--- Work instruction ---
These records contain pictures, which must be left out; copy exactly the lines from the one with "1332 - نا إبراهيم" up to and including the one with "民宿一期共二十余间客房,客房".

--- Records provided ---
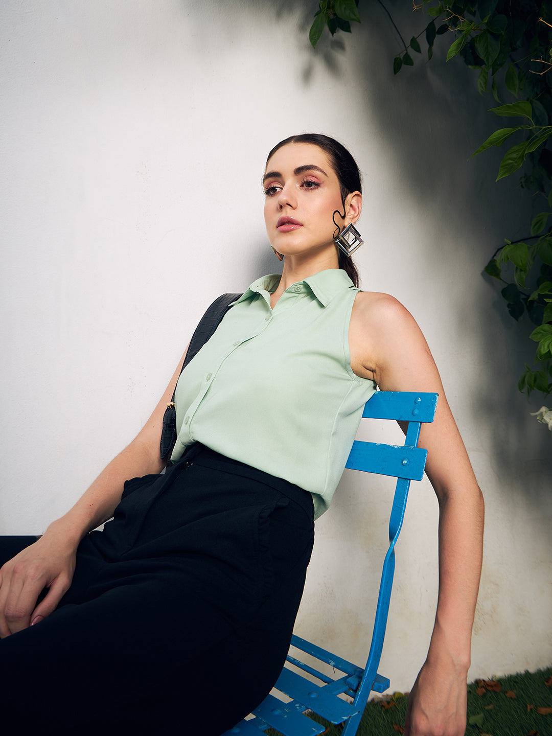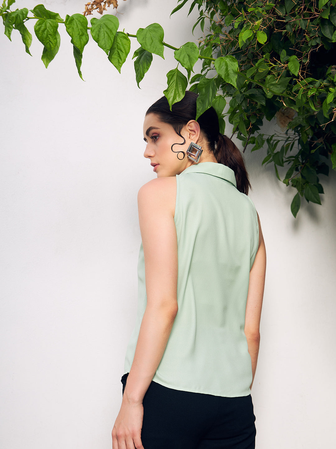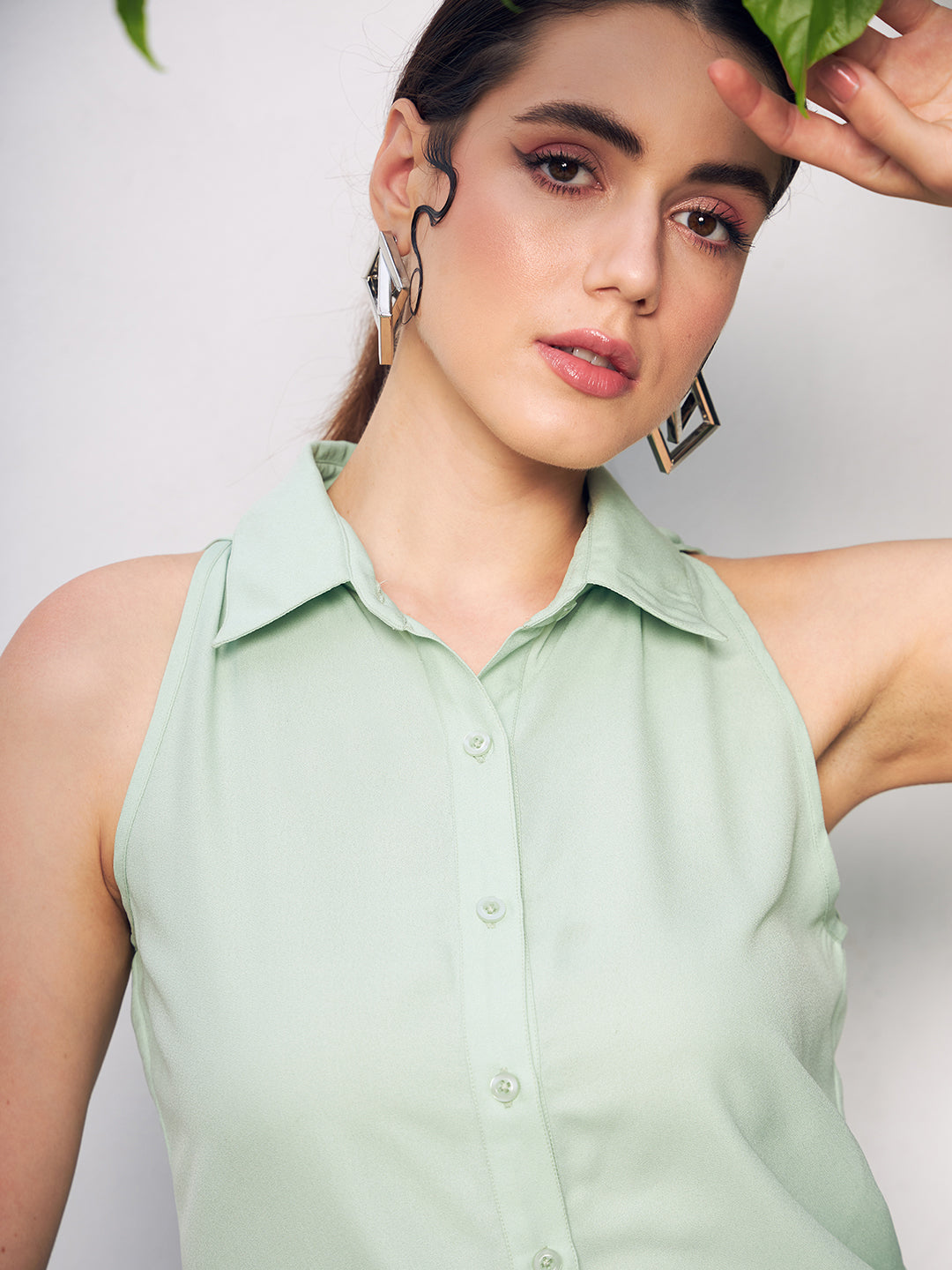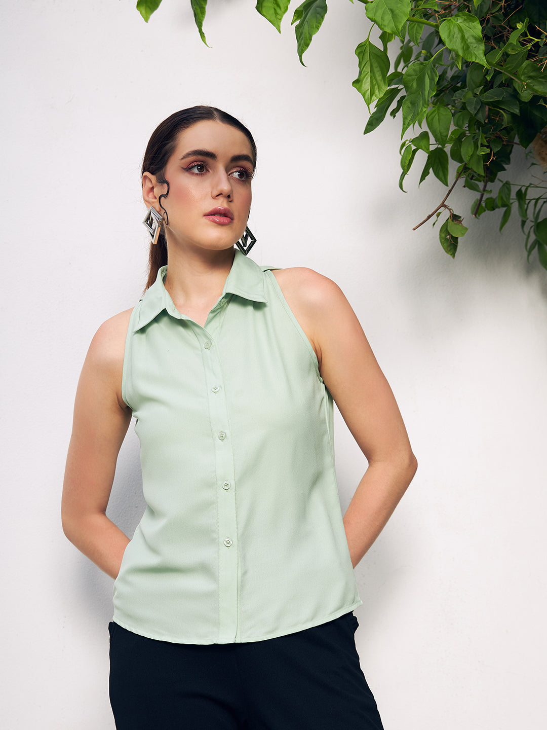 Berrylush BIZwear Women Solid Green Spread Collar Neck Sleeveless Front Button Straight Hem Regular Shirt
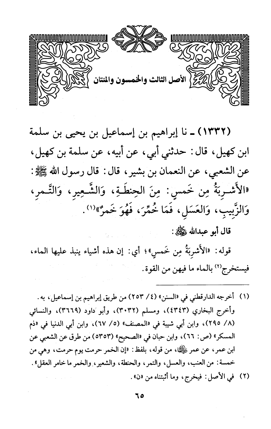 1332 - نا إبراهيم بن إسماعيل بن يحيى بن سلمة ابن كهيل، قال: حدثني أبي، عن أبيه، عن سلمة بن كهيل، عن الشعبي، عن النعمان بن بشير، قال: قال رسول الله صلى الله عليه وسلم: ((الأشربة من خمسٍ: من الحنطة، والشعير، والتمر، والزبيب، والعسل، فما خمر، فهو خمرٌ)).
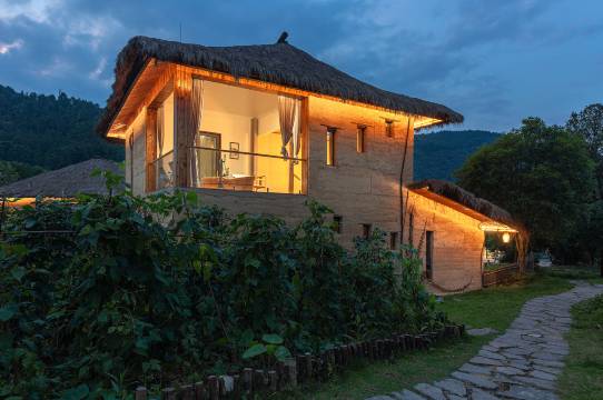 民宿一期共二十余间客房,客房分为上下两层,一楼客房有独立农家小院,二楼客房有超大露天阳台,民宿四周则是瑶族同胞种植的有机菜园,一片生机盎然。民宿同时还配备了大型停车场和可容纳约200人的标椎会议室更是成为公司拓展训练和年会团建的优选之地。
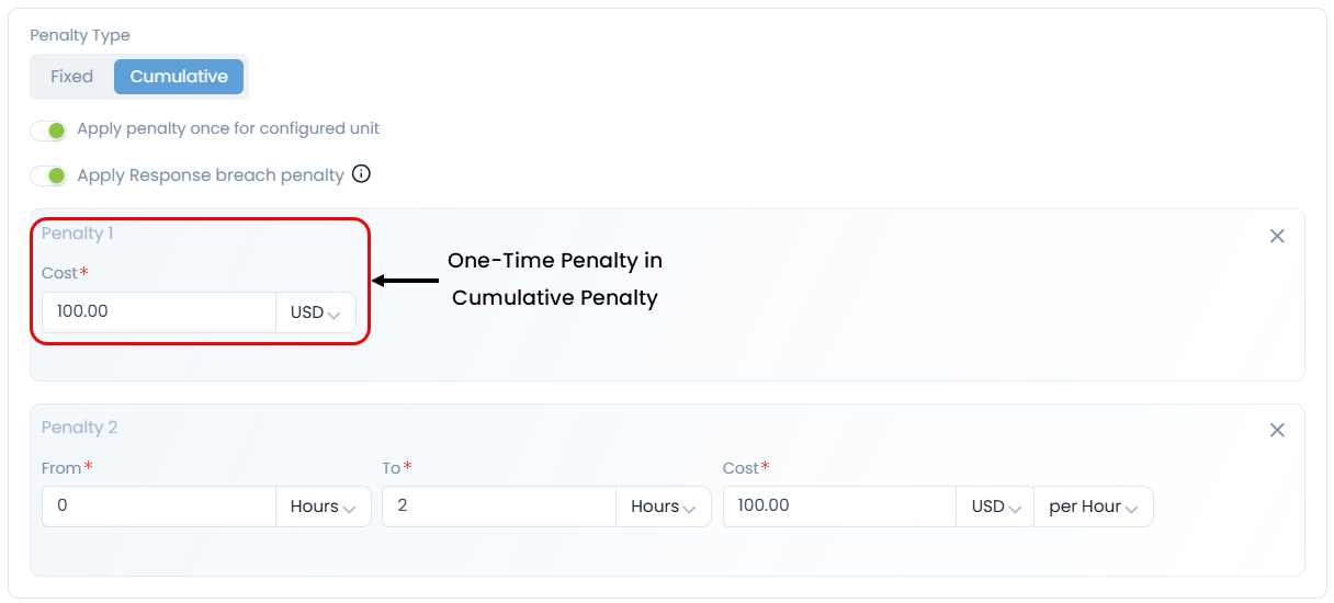 For example, if the one-time penalty is set to 100 USD and the cumulative penalty is defined as 0-2 hours – 100 USD/hour, a 100 USD penalty will be applied immediately upon breaching the SLA, with an additional 200 USD penalty enforced after two hours.
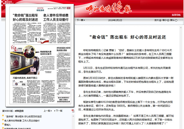 | ”救命錢”落出租車 首府好心的哥及時送還 |
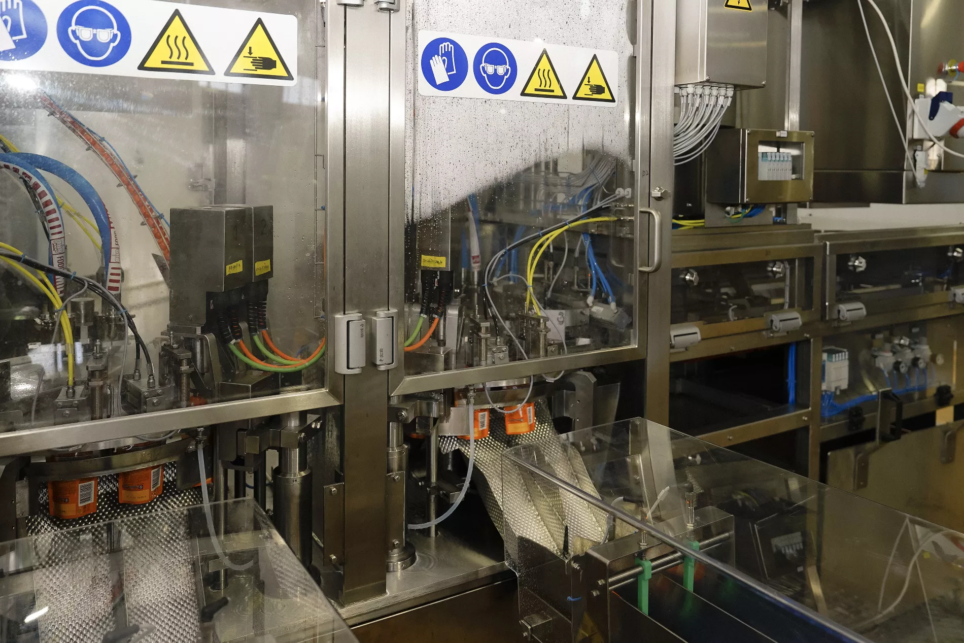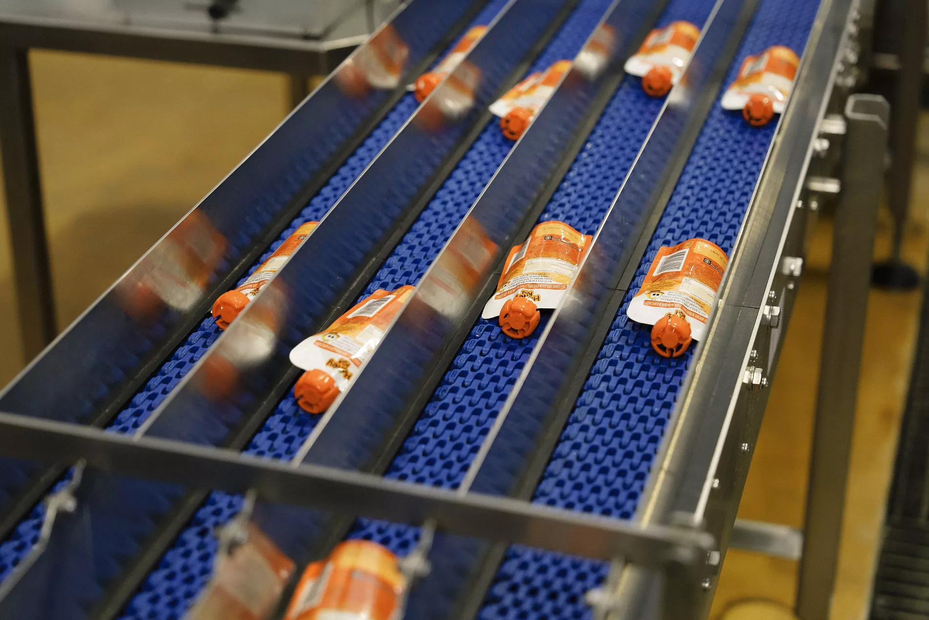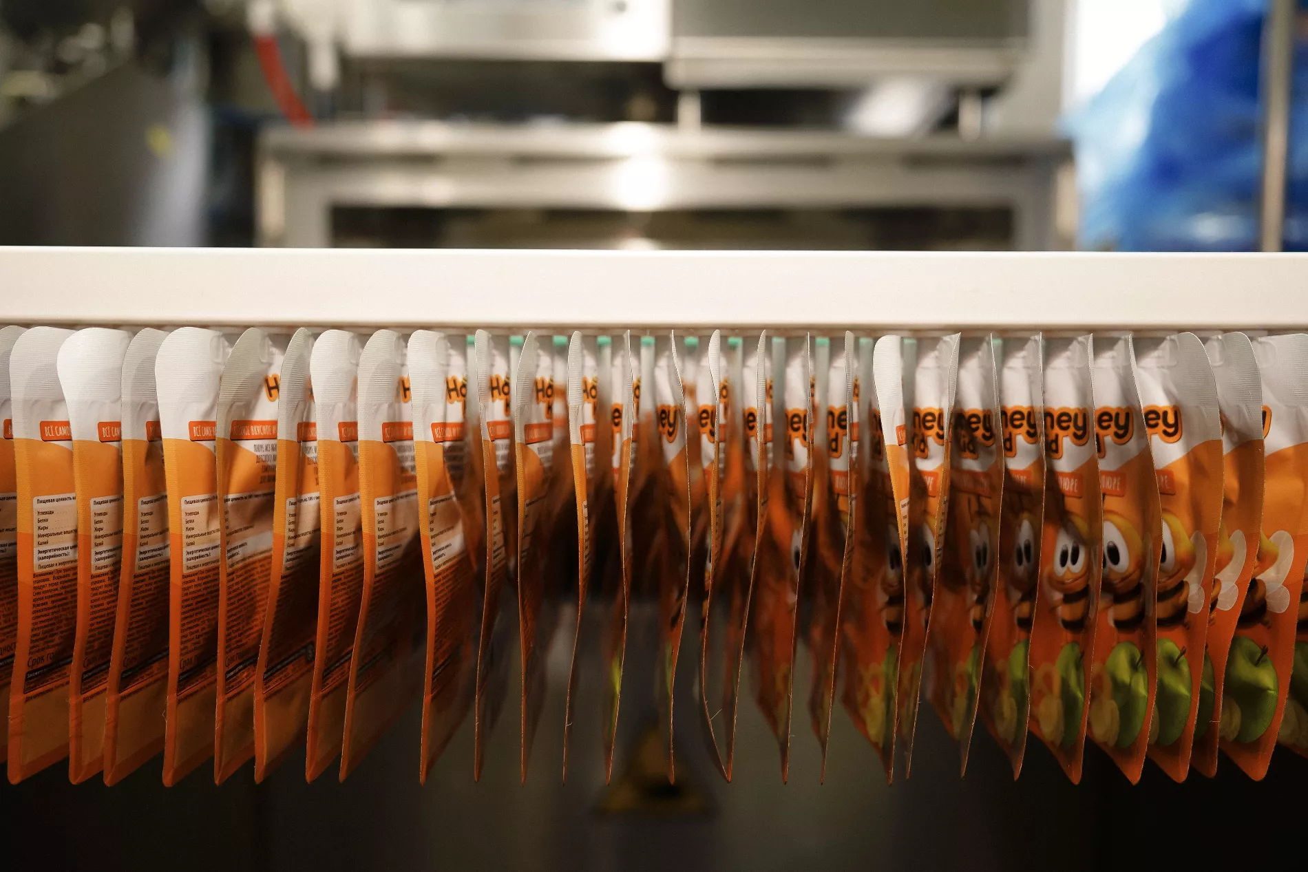 Специальные машины маркируют проверенные паучи, наполняют их пюре и закрывают крышками. Упакованное пюре стерилизуют еще 3,5 минуты. Встроенный в линию рентген-сканер проверяет каждый пауч на наличие посторонних частиц.

--- Response area ---
 1332 - نا إبراهيم بن إسماعيل بن يحيى بن سلمة ابن كهيل، قال: حدثني أبي، عن أبيه، عن سلمة بن كهيل، عن الشعبي، عن النعمان بن بشير، قال: قال رسول الله صلى الله عليه وسلم: ((الأشربة من خمسٍ: من الحنطة، والشعير، والتمر، والزبيب، والعسل، فما خمر، فهو خمرٌ)).
 民宿一期共二十余间客房,客房分为上下两层,一楼客房有独立农家小院,二楼客房有超大露天阳台,民宿四周则是瑶族同胞种植的有机菜园,一片生机盎然。民宿同时还配备了大型停车场和可容纳约200人的标椎会议室更是成为公司拓展训练和年会团建的优选之地。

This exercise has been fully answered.